# Are Women as Pythagorean as Men in Tennis?

Last week, based on work presented at the 2015 NESSIS, I wrote about an extension of Pythagorean Expectation to tennis, which showed that break point conversion has a strikingly similar ability to predict match wins in tennis as runs predict team wins in baseball. The Pythagorean analyses were based only on the men’s tour. In this post, thanks to match statistics published by Jeff Sackmann of Tennis Abstract, I will examine the existence of a Pythagorean formula for women’s tennis.

Based on over 12,000 matches from 2010 to 2015—the era of the “Premier” tournament structure—, I looked at the Pythagorean strength of 14 performance measures. The “Pythagorean strength” is calculated with the following formula,

$$Win% = X^\alpha/(X^\alpha + Y^\alpha); x; 100.$$

Here, $Win%$ refers to the season percentage of wins out of matches played. The $X$ in this formula is one of the 14 measures of player strength and is the total of that skill across all of a player’s matches in a year. $Y$ is the corresponding total for the opponents that player faced.

For example, if we consider the Pythagorean model for points won on first serve for Li Na in 2010, Na had 45 matches in the database in this year and won a total of 1,105 first serve points in those matches, while her opponents won 949 points. So, the Pythagorean expectation for Na in 2010 based on first serve points won would have $X = 1,105$ and $Y=949$. To complete the calculation, we need the exponent $\alpha$, which is estimated from a least-squares fit. Figure 1. $\alpha$ coefficients for Pythagorean models of 14 tennis performance measures for the WTA, 2010 - 2015

Figure 1 shows the exponents for each performance measure based on 2010 - 2015 match win outcomes for the WTA. First serve won had an estimate of $\alpha = 4.75$. So, going back to the example above, the estimate for 2010 season wins for Na based on points won on first serve was

$$Win% = 1105^4.75/(1105^4.75 + 949^4.75); x; 100 = 67%$$

Her actual win percentage out of the 45 matches included in the analysis was 64%.

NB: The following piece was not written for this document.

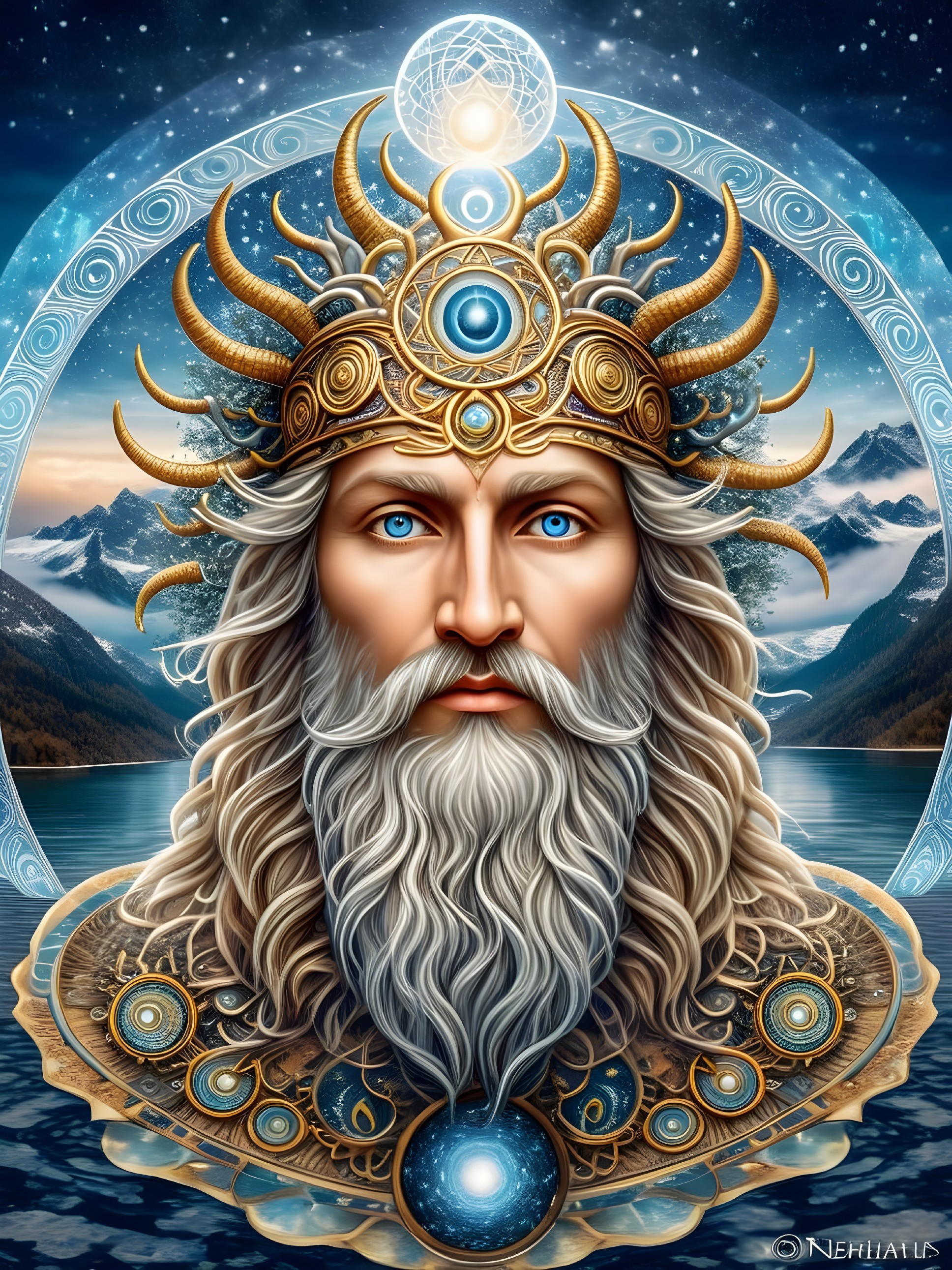The image depicts a serene figure with long hair and a beard,
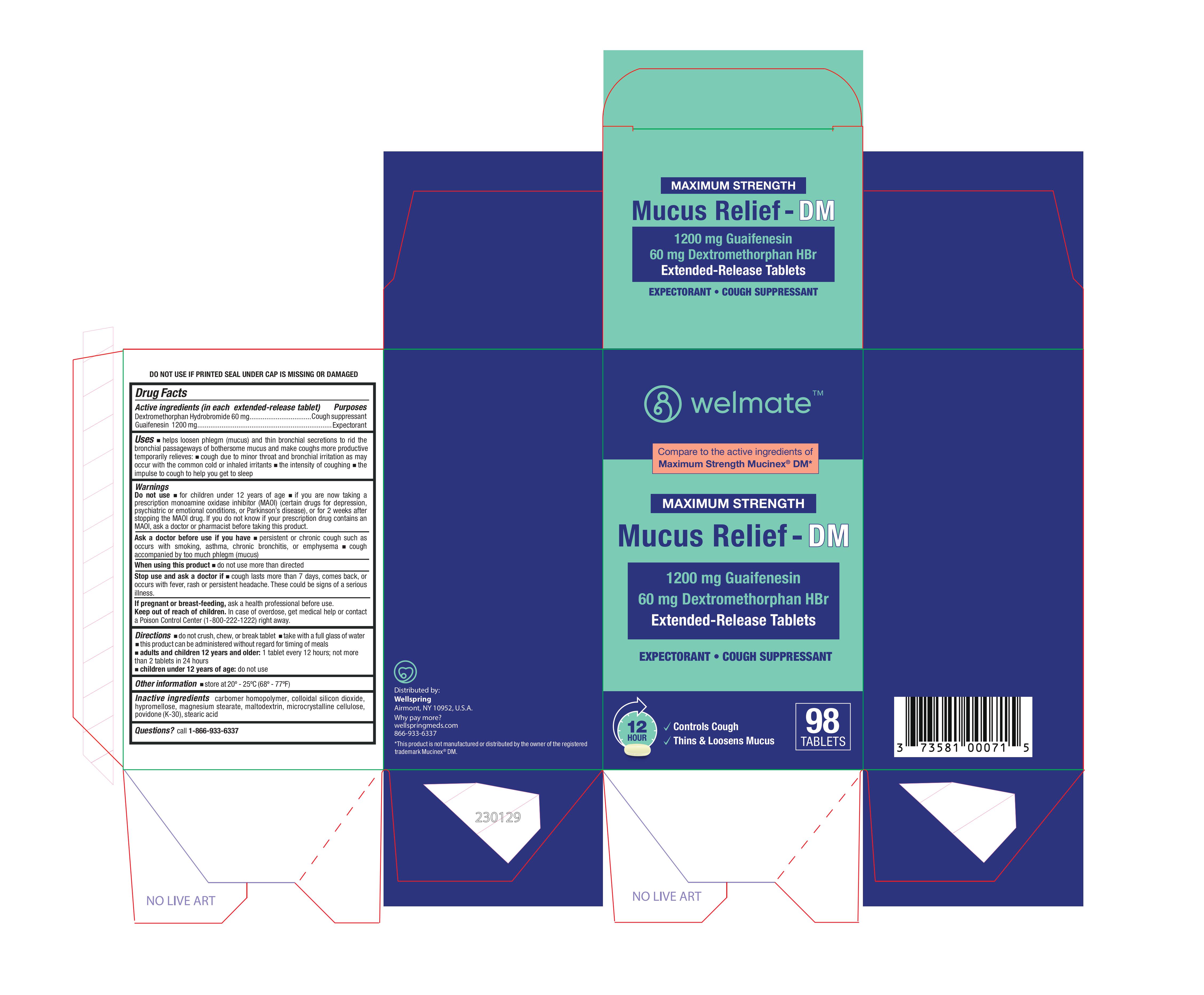 This text is a drug facts label for a medication called Mucus Relief, an expectorant and cough suppressant. It contains 60 mg of Dextromethorphan Hydrobromide and 1200 mg of Guaifenesin per extended-release tablet. The medication is used to help loosen phlegm and thin bronchial secretions to clear the airways. It is indicated for temporary relief of cough due to throat irritation, cold, or inhaled irritants. The label includes warnings not to use for children under 12 years old or if currently taking certain prescription medications. It provides directions for use and storage information.*

In the $BP^2$ model for the men’s tour, the best-fitting exponent was 1.83, very close to the Pythagorean exponent of 2. For the WTA, the breakpoint model’s best-fitting coefficient is 2.28, also close to a Pythagorean relationship but in the opposite direction as the men’s tour. This suggests that an equal improvement in breakpoint conversion over opponents on the women’s tour is associated with a greater increase in win percentage than for the men— suggesting that relative breakpoint strength has a somewhat stronger relationship to win outcomes than men.

But how accurately do these models predict win percentage?

Figure 2 shows that breakpoints won is the strongest predictor of win percentage, explaining 83% of variance with an error of $\pm4$ matches in a 50-match season. This is very similar to the results for the men’s tour. Interestingly, unlike the findings for the men, the second best predictor is total serve points won (rather than breakpoint opportunities), suggesting that greater relative dominance on serve is a greater factor in win outcomes for the women’s tour than the men’s tour. This is consistent with the observation that more breaks of serve occur on the women’s tour.

One of the most valuable uses of Pythagorean expectation in baseball is for win projection because it outperforms projections based on win-loss record. I showed that this was also true for the $BP^2$ model for men’s tennis. Figure 3 compares mid-season win projections using the $BP^2$ Pythagorean model against a regression model with the most predictive of the 14 performance measures, the same model with player-opponent relative tour rankings, and win-loss record. Looking at the panel on the far right for win-loss, we see a large scatter of points for win-loss projections, indicating that a player’s mid-season match wins could vary widely from where they were at the end of the year. In fact, the error for win-loss in a 50-match season was more than 1 match greater than the error based on $BP^2$— an error rate that was nearly identical to the performance of the multivariate models. Figure 3. Performance of mid-season win projections of $BP^2$ model for WTA against 3 alternatives
Thus, despite a number of difference in the structure and style of play between the men’s and women’s game, the Pythagorean relationship between breakpoints and win percentage holds up for both tours. There is even some evidence in the findings presented here to indicate that the $BP^2$ model outperforms win-loss record even better for the women’s game than the men’s. For both tours, $BP^2$ promises to be a simple and useful tool for accurately evaluating player strength.